__PROVIDED INFORMATION__
▬▬▬▬▬▬

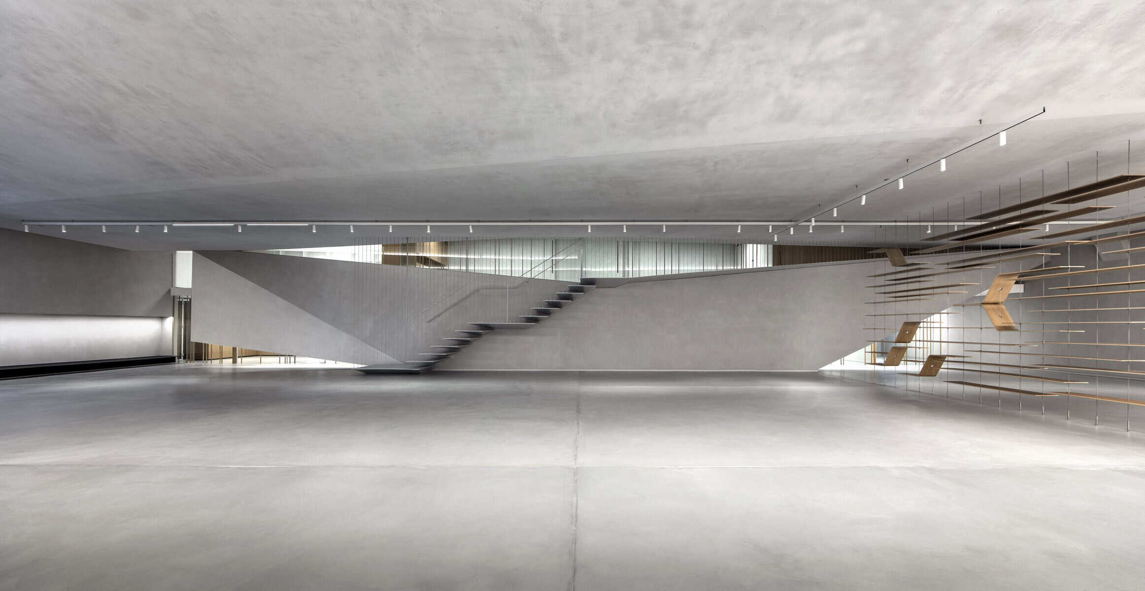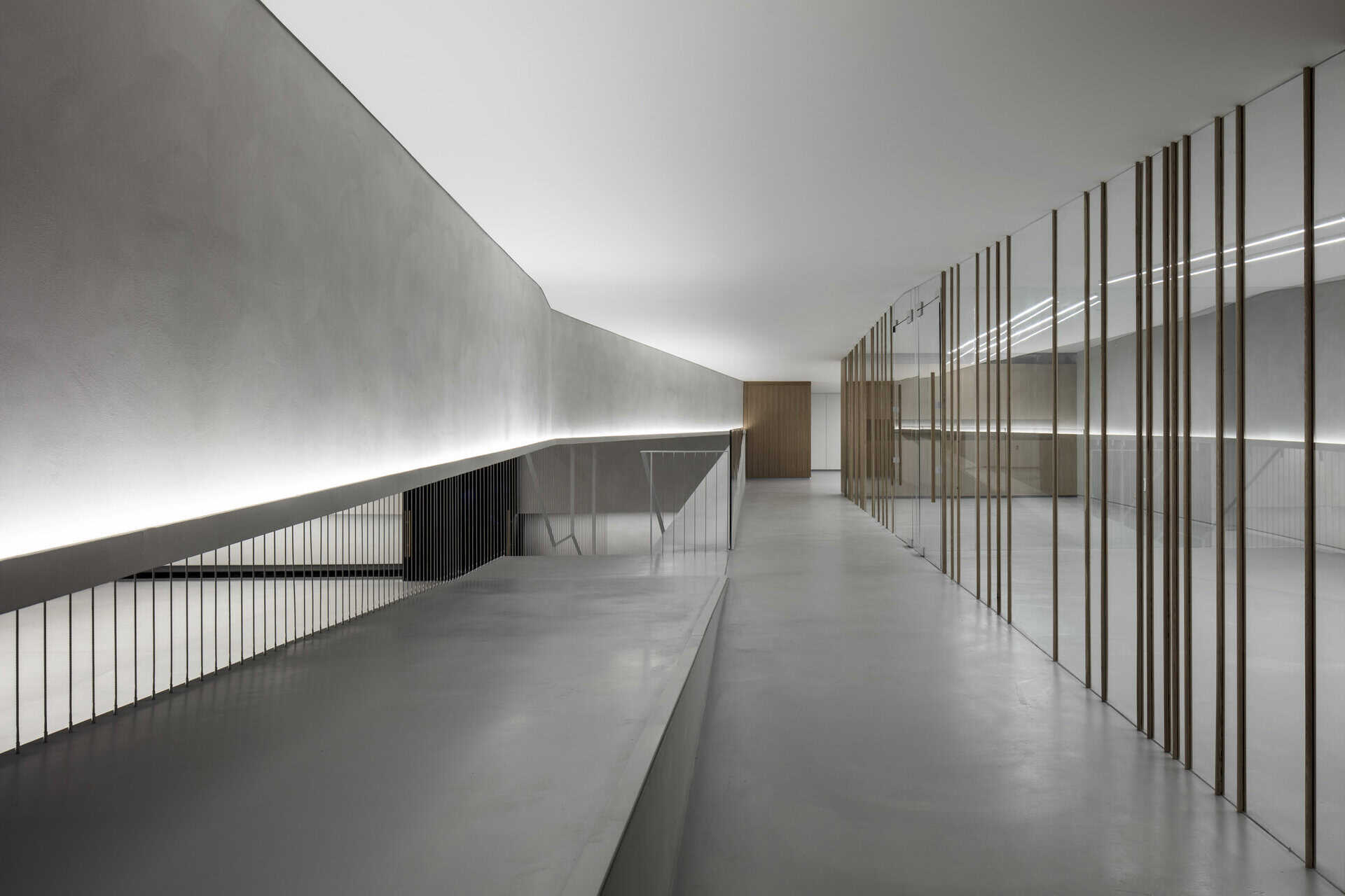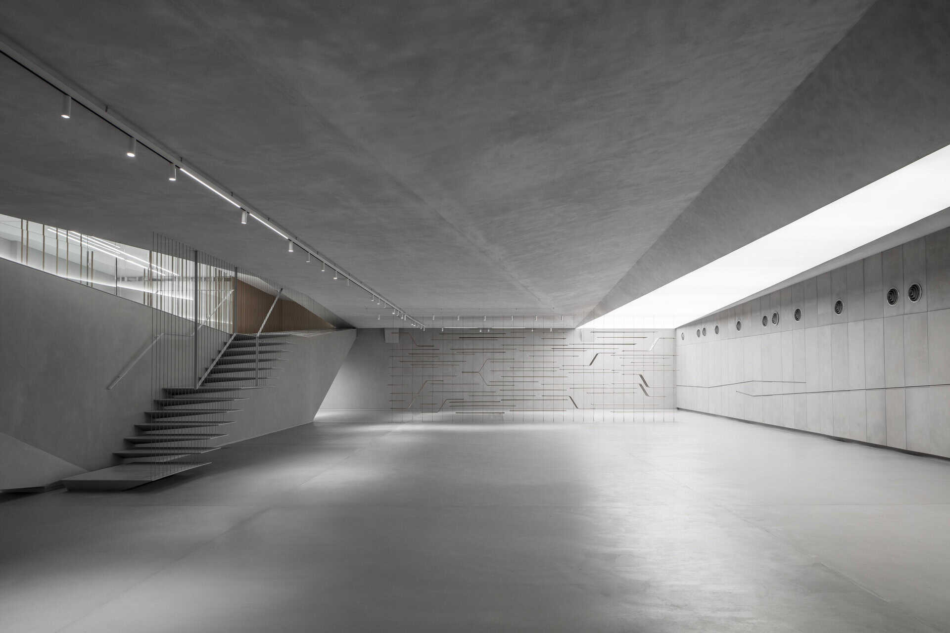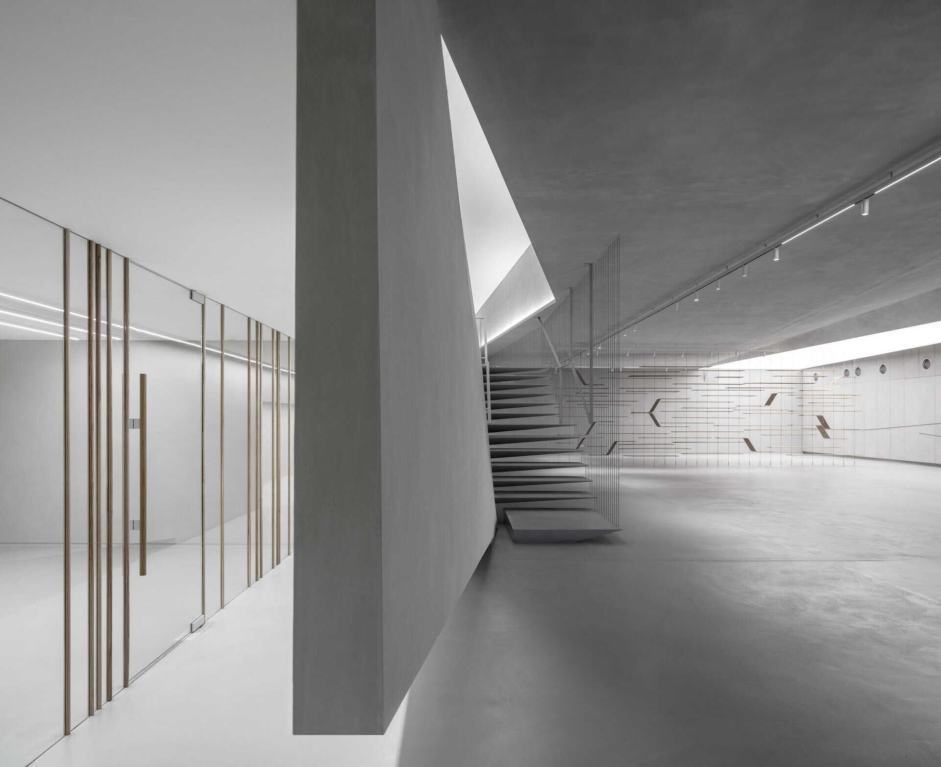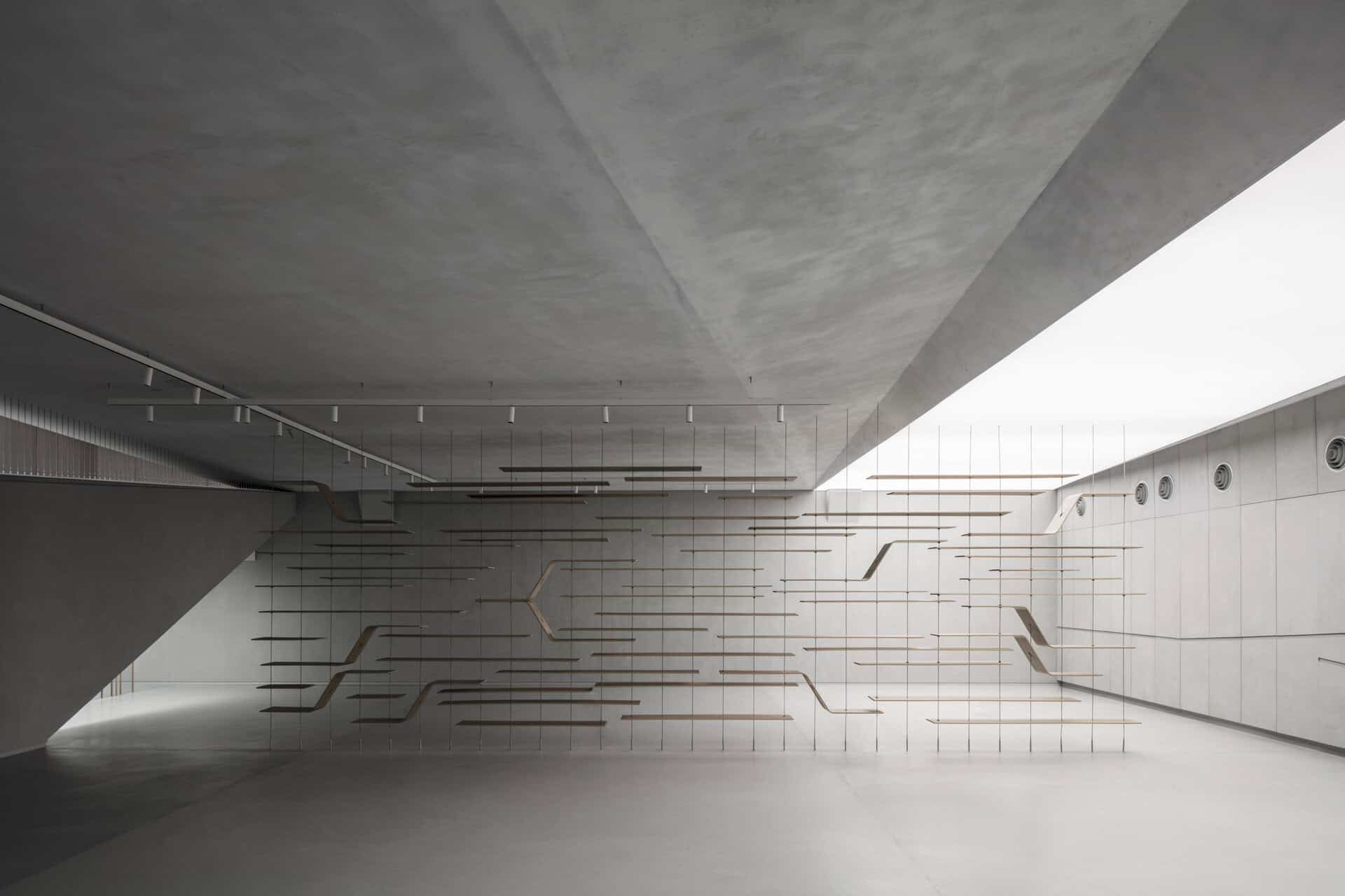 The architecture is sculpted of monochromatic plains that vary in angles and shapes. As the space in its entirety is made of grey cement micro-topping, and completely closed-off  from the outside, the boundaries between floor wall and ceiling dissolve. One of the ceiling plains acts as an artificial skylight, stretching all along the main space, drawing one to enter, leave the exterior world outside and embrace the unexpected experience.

▬▬▬▬▬▬

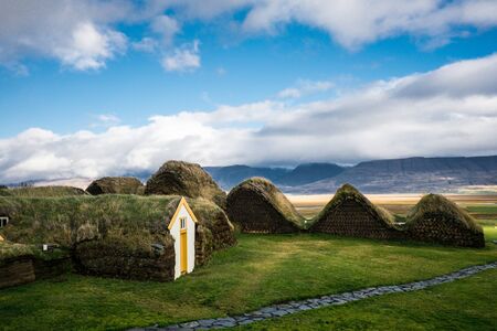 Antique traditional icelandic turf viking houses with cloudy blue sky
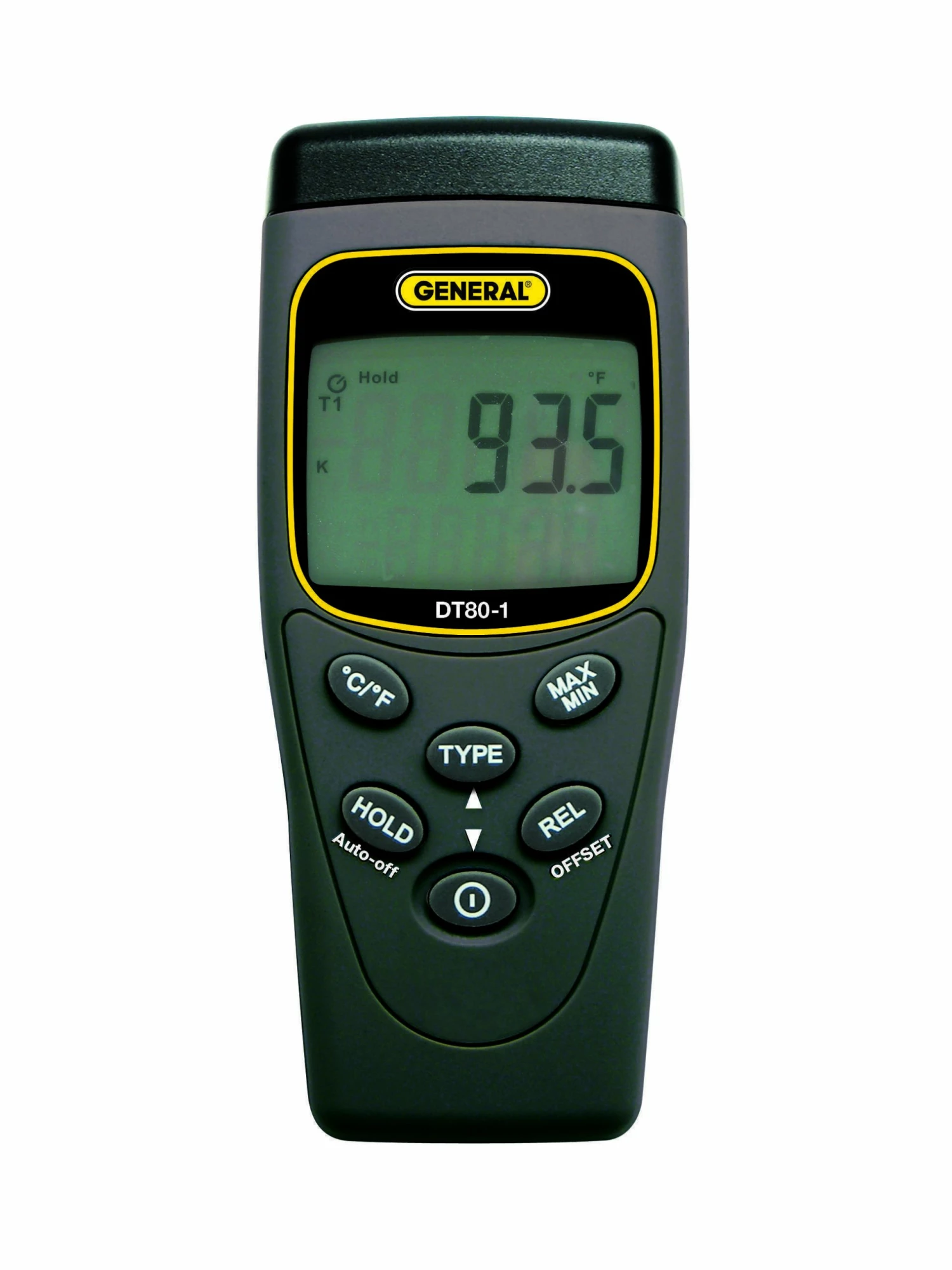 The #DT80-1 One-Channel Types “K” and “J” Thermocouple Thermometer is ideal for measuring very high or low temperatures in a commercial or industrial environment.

▬▬▬▬▬▬

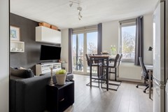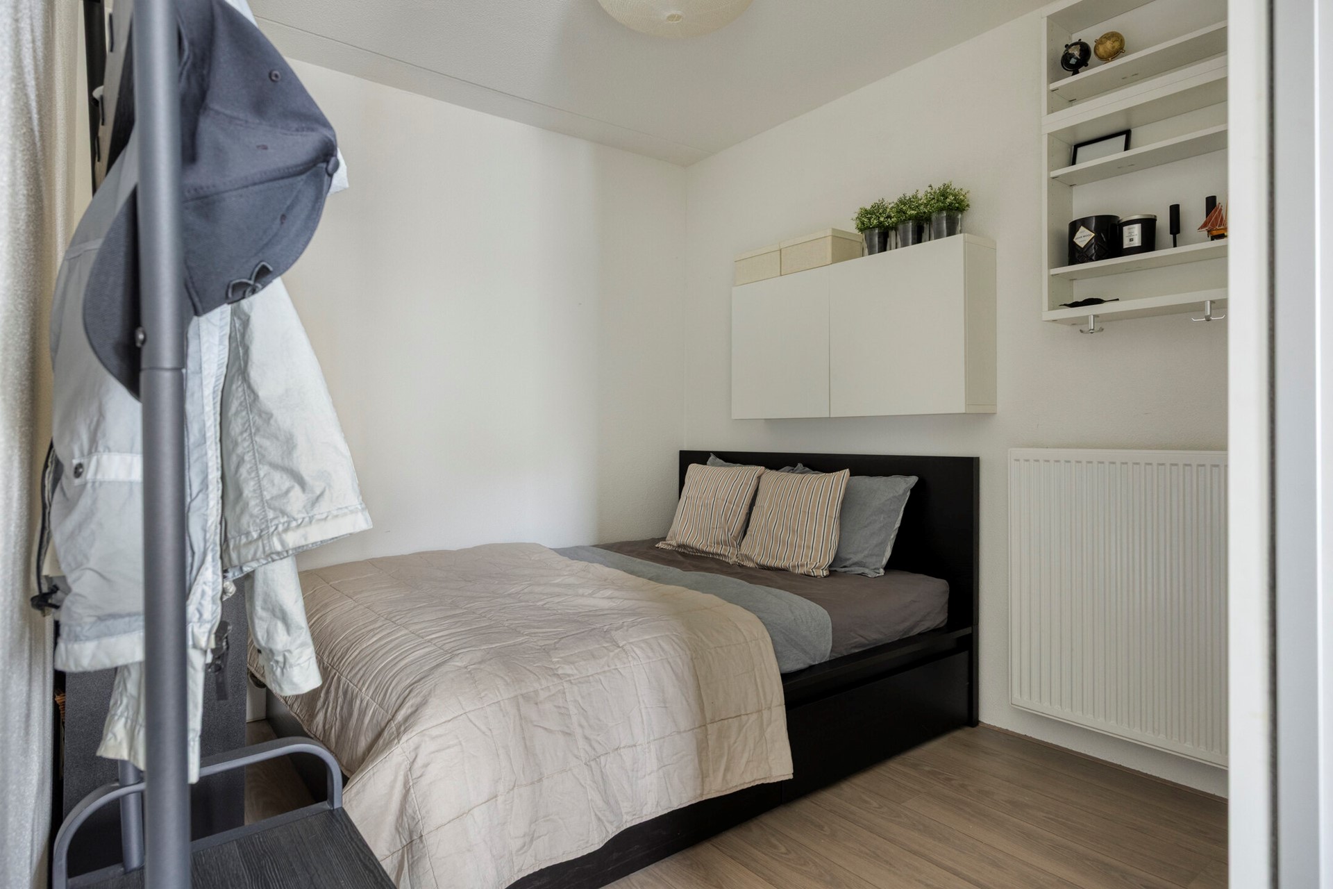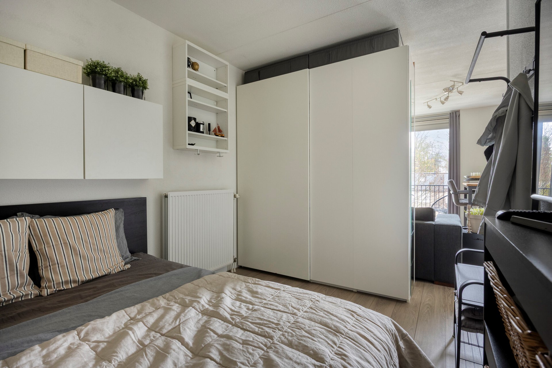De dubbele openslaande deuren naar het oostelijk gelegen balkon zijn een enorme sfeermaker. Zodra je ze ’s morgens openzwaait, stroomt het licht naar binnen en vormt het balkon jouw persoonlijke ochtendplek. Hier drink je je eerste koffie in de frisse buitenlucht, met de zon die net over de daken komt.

▬▬▬▬▬▬

__GOAL OF THE EXERCISE__
Could you write out exactly the lines of the data above that run from the one holding "Antique traditional icelandic" to the one holding "The #DT80-1 One-Channel", with both ends in and all pictures out?

__YOUR RESPONSE__
 Antique traditional icelandic turf viking houses with cloudy blue sky
 The #DT80-1 One-Channel Types “K” and “J” Thermocouple Thermometer is ideal for measuring very high or low temperatures in a commercial or industrial environment.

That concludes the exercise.